TASK TO CARRY OUT: Could you give the records below again exactly, without the pictures?

Excerpts from a dataset:
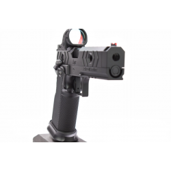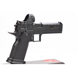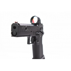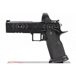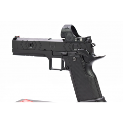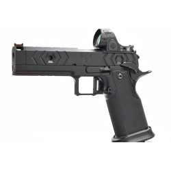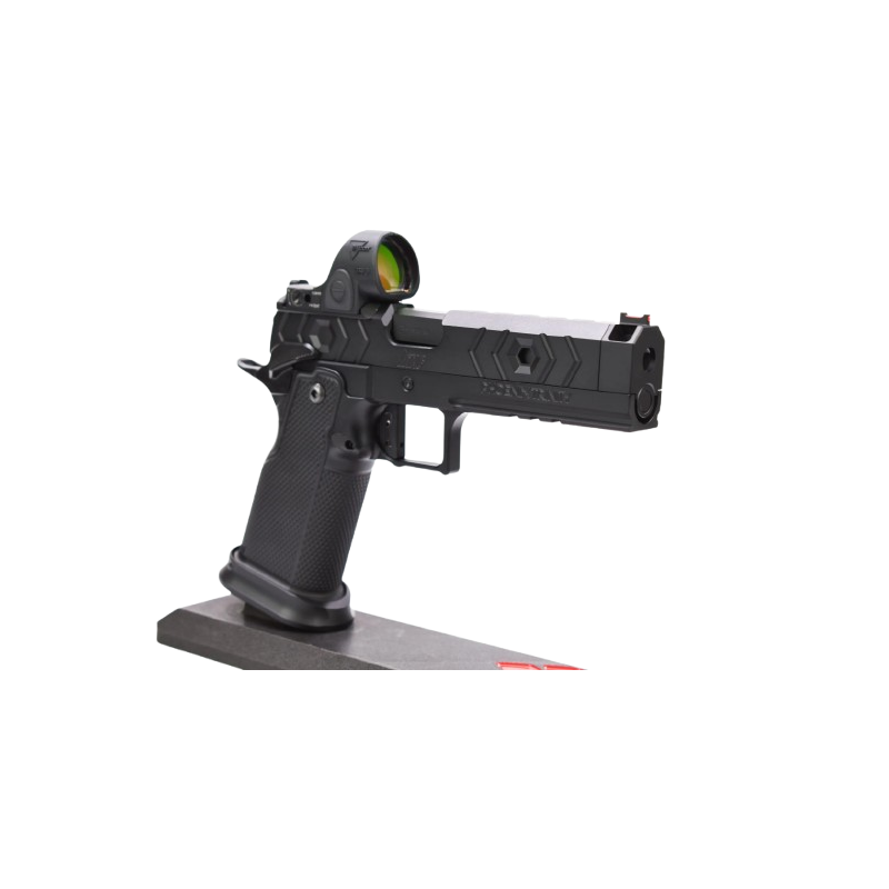 Le H-Tac double empilement est conçu pour ceux qui valorisent une qualité et un savoir-faire élevés, en plus de la protection personnelle, de la défense à domicile et même de l’usage en compétition. Il présente des stries de glissière avec des trous traversants, des ports de canon inclinés qui dirigent les gaz loin de votre ligne de mire, et est complété par des organes de visée co-témoins prêts à l’emploi pour maintenir la visée sur la cible.
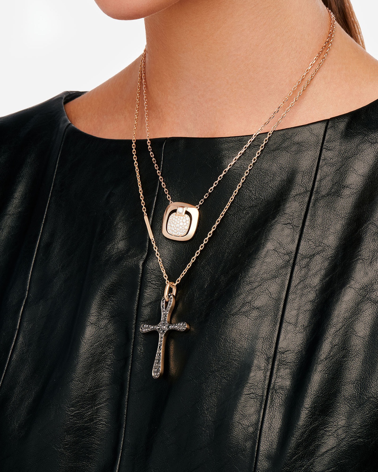 Distinctive cross in 18K rose gold, adorned with black brilliant-cut diamonds that deliver a striking sparkle. With an exceptional design and timeless elegance, it exudes high jewelry craftsmanship. Wear it alone or layered for a modern, chic look.
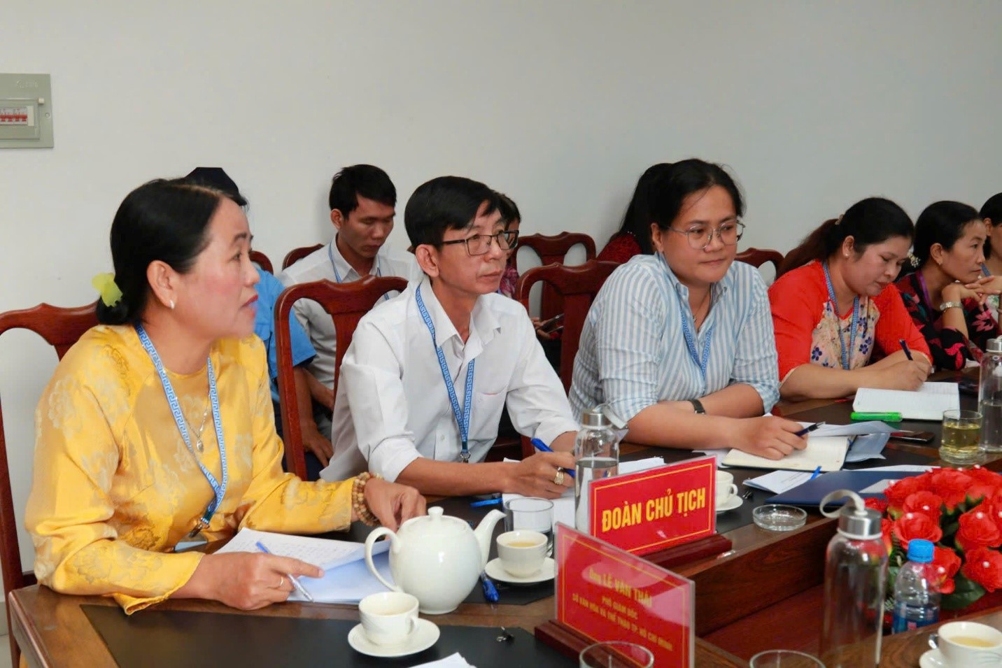 Ảnh 1: Bà Văn Thị Thuỳ Trang Giám đốc Bảo tàng Bình Dương (bên trái) lắng nghe ý kiến của viên chức và người lao động tại Hội nghị.
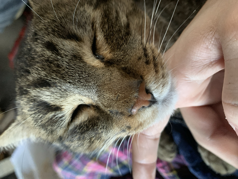 - "A close-up image depicts a domestic tabby cat being petted by a human hand" by FM-Wg1Ah2, licensed under CC BY 4.0
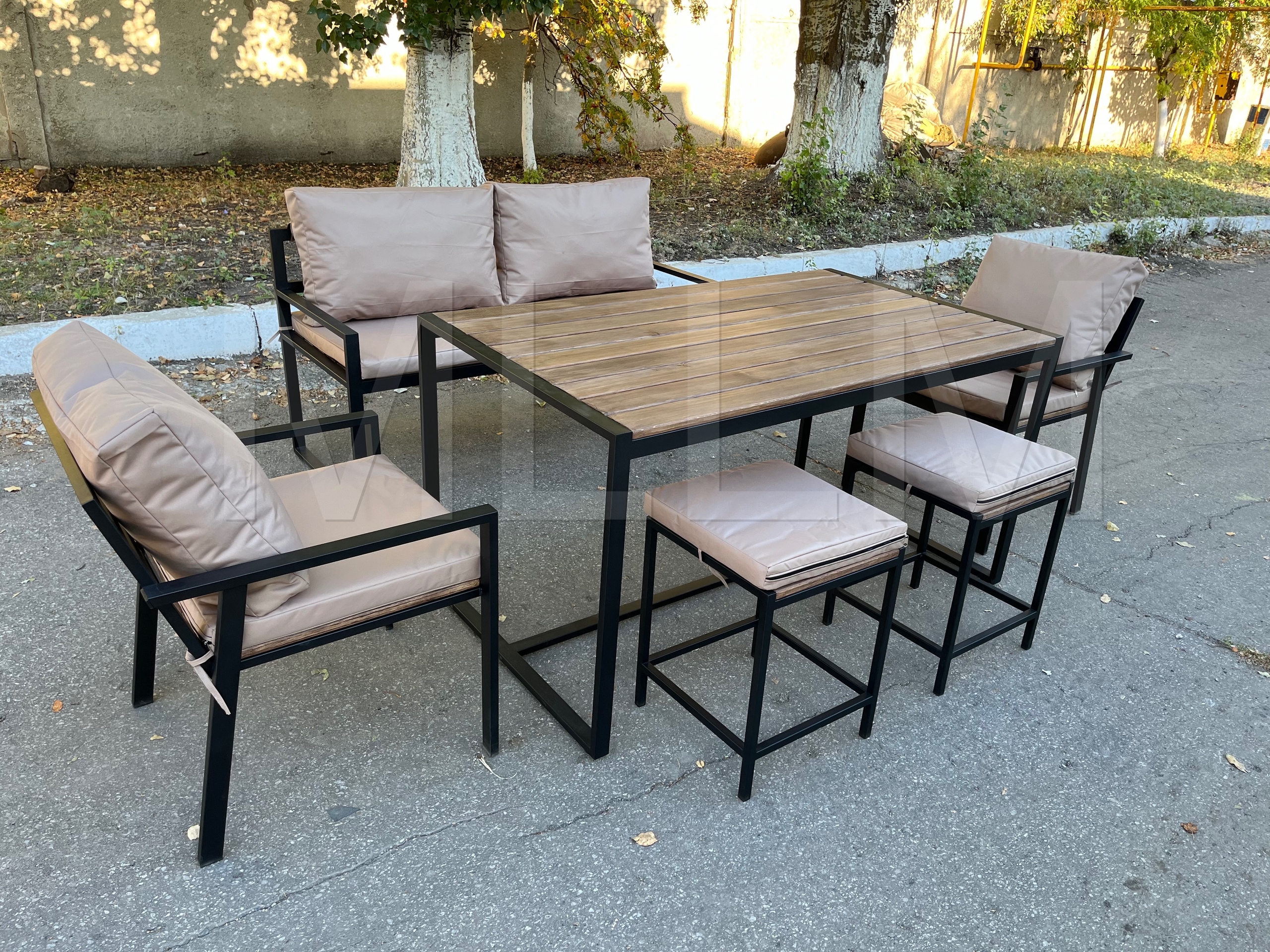 Стол на цельносварном металлическом каркасе, порошковая окраска, натуральное дерево.

RESULT OF THE TASK:
 Le H-Tac double empilement est conçu pour ceux qui valorisent une qualité et un savoir-faire élevés, en plus de la protection personnelle, de la défense à domicile et même de l’usage en compétition. Il présente des stries de glissière avec des trous traversants, des ports de canon inclinés qui dirigent les gaz loin de votre ligne de mire, et est complété par des organes de visée co-témoins prêts à l’emploi pour maintenir la visée sur la cible.
 Distinctive cross in 18K rose gold, adorned with black brilliant-cut diamonds that deliver a striking sparkle. With an exceptional design and timeless elegance, it exudes high jewelry craftsmanship. Wear it alone or layered for a modern, chic look.
 Ảnh 1: Bà Văn Thị Thuỳ Trang Giám đốc Bảo tàng Bình Dương (bên trái) lắng nghe ý kiến của viên chức và người lao động tại Hội nghị.
 - "A close-up image depicts a domestic tabby cat being petted by a human hand" by FM-Wg1Ah2, licensed under CC BY 4.0
 Стол на цельносварном металлическом каркасе, порошковая окраска, натуральное дерево.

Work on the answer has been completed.